My question is that could one replace "finitely generated" by "cyclic"?
The ring $R=\mathbb Q[x]/(x^2)$ is not semisimple since it is not von Neumann regular. If each cyclic $R$-module is quasi-injective, then the answer to my question is "No". But, the last sentence is not clear to me, and I thank to any person helping.
So to be sure, the question in the OP appears to be
And then you are working on a counterexample to disprove the statement.
The point is that the cyclic $\Bbb Q[x]/(x^2)$ modules are all quotients of $\Bbb Q[x]/(x^2)$, and there are very few (only three) of them. Let $R:=\Bbb Q[x]/(x^2)$.
$R/R$ is trivially quasi-injective.
If $I$ is the ideal generated by $(x+(x^2))$ in $R$, then $R/I$ is simple, so it's also quasi-injective.
The only question is if $R$ is quasi-injective as a module over itself. Any module homomorphism from $\{0\}$ or $R$ trivially extends to $R$, so the only question is if any module homomorphism from $I$ to $R$ can be extended to be from $R$ to $R$.
Can you see the fairly obvious method of how to extend such maps? Ensure your choice makes a well-defined mapping.

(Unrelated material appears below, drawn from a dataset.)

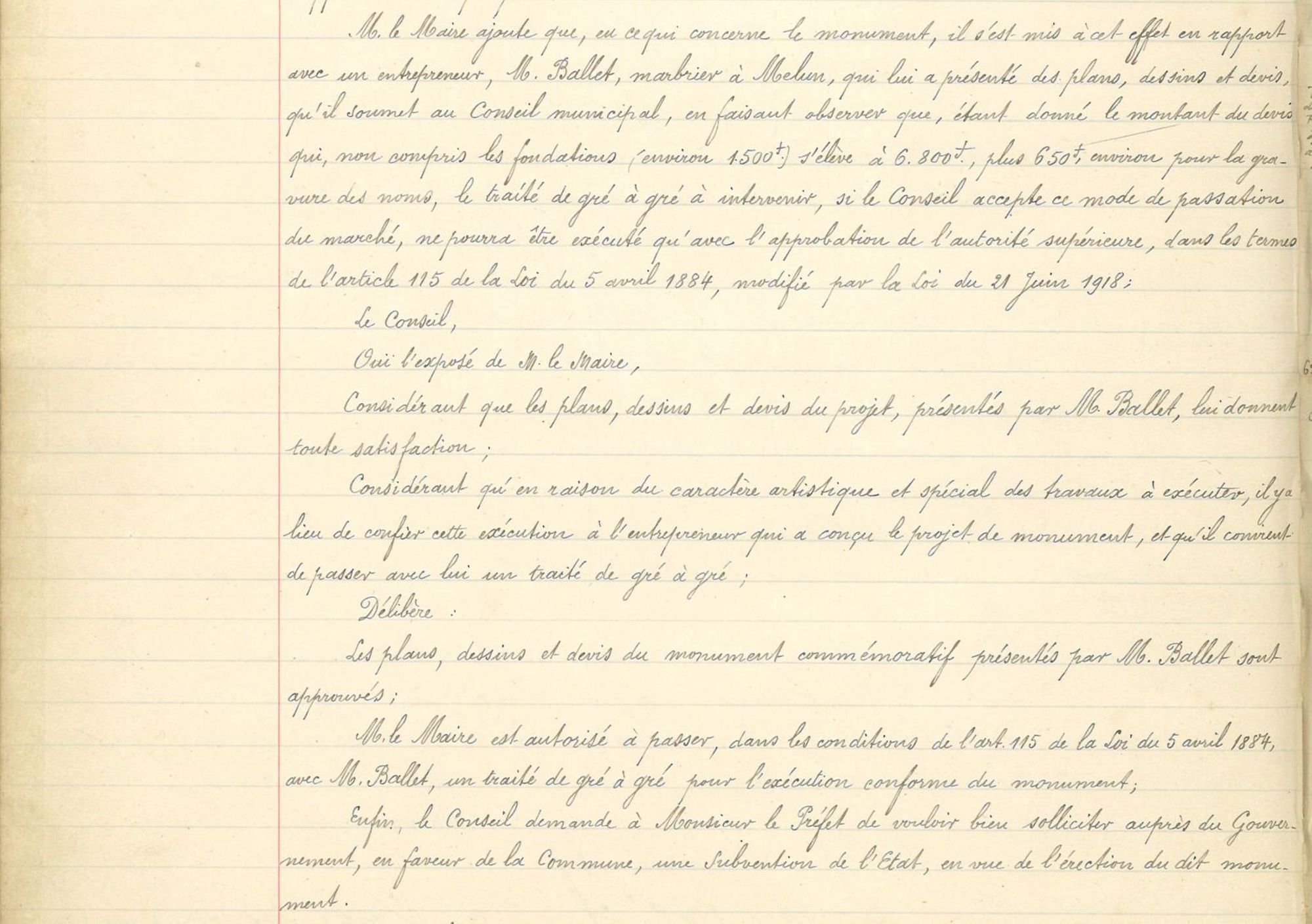 Séance extraordinaire - devis M. Ballet, marbrier à Melun
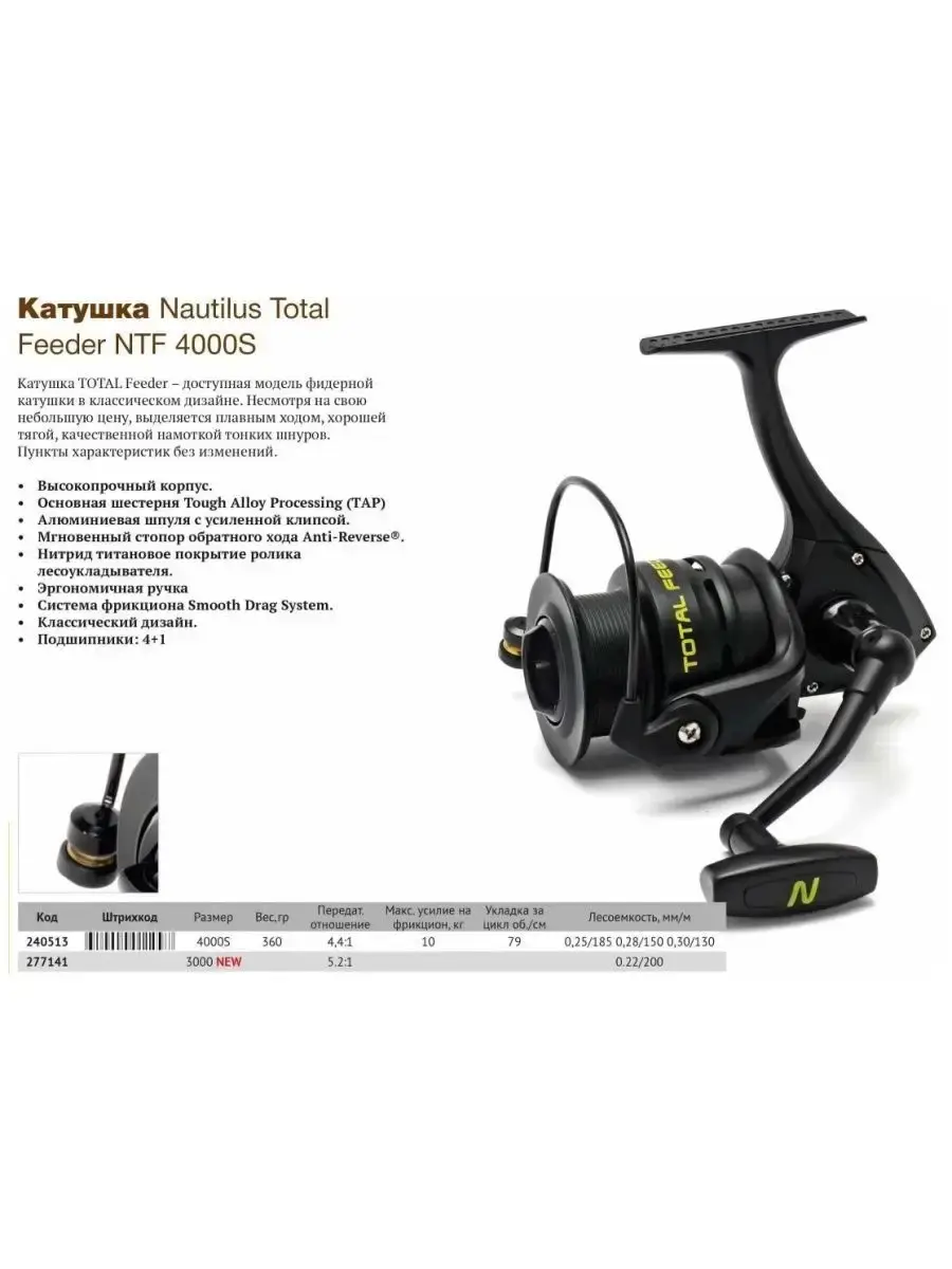 Nautilus Total Feeder - бюджетная безынерционка для ловли на фидер. Выполнена в классическом дизайне, имеет прочный корпус и эргономичную рукоять. Механизм катушки отличается плавным ходом, за что отвечают 5 подшипников. Также он обладает хорошей тяговитостью. Система фрикциона Smooth Drag System позволяет с точностью настроить тормозное усилие. В механизме установлена надежная основная шестерня Tough Alloy Processing (ТAP). Также имеется мгновенный стопор обратного хода. На алюминиевой шпуле расположена усиленная клипса для фиксации лески. Ролик лесоукладывателя имеет напыление из нитрида титана. Передаточное число: 4,4:1.Характеристики:Производитель: NautilusВес, гр.: 367Диаметр переднего бортика шпули, мм.: 52Кнопка на рукояти: нетКоличество подшипников: 4+1Комплектация: Запасной шпули в комплекте нетНагрузка на фрикцион, кг.: 10Намотка за оборот ручки, см.: 79Объем шпули, мм/м.: 0,25/185Передаточное число: 4,4:1Способ крепления рукояти: прижимной винтТип механизма: планетарныйФрикцион: передний

Alternatively, if you already know $R$ is self-injective, you can immediately explain that $R$ is already quasi-injective.
This establishes that all cyclic modules of $R$ are quasi-injective. But $R$ is clearly not semisimple since commutative semisimple rings do not have nonzero nilpotent elements ($R$ has the nilpotent element $x+(x^2)$.)
If you really wanted to build a toy, you could replace $\Bbb Q$ with the field of two elements. Then $R$ has only four elements, so it would be very easy to check all maps from $I$ to $R$!